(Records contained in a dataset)

..........

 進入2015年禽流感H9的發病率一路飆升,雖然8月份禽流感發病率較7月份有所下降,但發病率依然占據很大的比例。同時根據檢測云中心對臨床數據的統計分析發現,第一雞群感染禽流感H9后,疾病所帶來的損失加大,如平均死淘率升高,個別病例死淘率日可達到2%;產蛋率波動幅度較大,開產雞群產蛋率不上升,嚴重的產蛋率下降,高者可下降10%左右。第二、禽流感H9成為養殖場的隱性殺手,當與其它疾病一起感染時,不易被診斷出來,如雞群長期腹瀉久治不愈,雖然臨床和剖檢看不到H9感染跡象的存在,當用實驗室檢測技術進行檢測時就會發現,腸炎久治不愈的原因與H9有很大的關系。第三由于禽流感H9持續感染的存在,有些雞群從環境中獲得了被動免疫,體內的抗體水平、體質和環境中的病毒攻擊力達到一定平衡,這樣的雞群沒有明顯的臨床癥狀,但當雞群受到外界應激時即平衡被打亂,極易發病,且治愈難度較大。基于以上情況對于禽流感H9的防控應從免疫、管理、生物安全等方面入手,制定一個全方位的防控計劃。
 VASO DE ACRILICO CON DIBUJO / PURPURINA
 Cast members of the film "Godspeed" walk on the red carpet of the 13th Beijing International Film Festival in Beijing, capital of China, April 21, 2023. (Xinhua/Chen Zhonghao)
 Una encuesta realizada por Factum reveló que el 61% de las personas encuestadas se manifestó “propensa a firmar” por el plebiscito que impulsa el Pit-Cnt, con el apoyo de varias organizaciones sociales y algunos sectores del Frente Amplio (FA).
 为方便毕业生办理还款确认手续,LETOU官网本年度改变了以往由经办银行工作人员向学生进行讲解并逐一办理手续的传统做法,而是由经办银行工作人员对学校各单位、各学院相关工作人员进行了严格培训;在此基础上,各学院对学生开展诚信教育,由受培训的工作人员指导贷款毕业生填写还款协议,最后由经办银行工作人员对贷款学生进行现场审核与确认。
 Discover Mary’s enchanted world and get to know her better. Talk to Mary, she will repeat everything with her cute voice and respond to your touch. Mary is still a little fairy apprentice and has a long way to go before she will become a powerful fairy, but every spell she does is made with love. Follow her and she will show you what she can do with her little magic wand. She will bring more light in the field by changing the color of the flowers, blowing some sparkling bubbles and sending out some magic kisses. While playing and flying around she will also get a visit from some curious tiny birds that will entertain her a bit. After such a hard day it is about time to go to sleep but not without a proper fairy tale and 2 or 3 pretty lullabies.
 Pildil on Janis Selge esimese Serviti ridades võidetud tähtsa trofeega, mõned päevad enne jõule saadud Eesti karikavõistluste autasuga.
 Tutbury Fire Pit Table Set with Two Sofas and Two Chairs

..........

Repeat only what lies between the first line of the data and the line containing "VASO DE ACRILICO CON DIBUJO / PURPURINA", both of those lines included, exactly as it stands.

_SOLUTION:_
 進入2015年禽流感H9的發病率一路飆升,雖然8月份禽流感發病率較7月份有所下降,但發病率依然占據很大的比例。同時根據檢測云中心對臨床數據的統計分析發現,第一雞群感染禽流感H9后,疾病所帶來的損失加大,如平均死淘率升高,個別病例死淘率日可達到2%;產蛋率波動幅度較大,開產雞群產蛋率不上升,嚴重的產蛋率下降,高者可下降10%左右。第二、禽流感H9成為養殖場的隱性殺手,當與其它疾病一起感染時,不易被診斷出來,如雞群長期腹瀉久治不愈,雖然臨床和剖檢看不到H9感染跡象的存在,當用實驗室檢測技術進行檢測時就會發現,腸炎久治不愈的原因與H9有很大的關系。第三由于禽流感H9持續感染的存在,有些雞群從環境中獲得了被動免疫,體內的抗體水平、體質和環境中的病毒攻擊力達到一定平衡,這樣的雞群沒有明顯的臨床癥狀,但當雞群受到外界應激時即平衡被打亂,極易發病,且治愈難度較大。基于以上情況對于禽流感H9的防控應從免疫、管理、生物安全等方面入手,制定一個全方位的防控計劃。
 VASO DE ACRILICO CON DIBUJO / PURPURINA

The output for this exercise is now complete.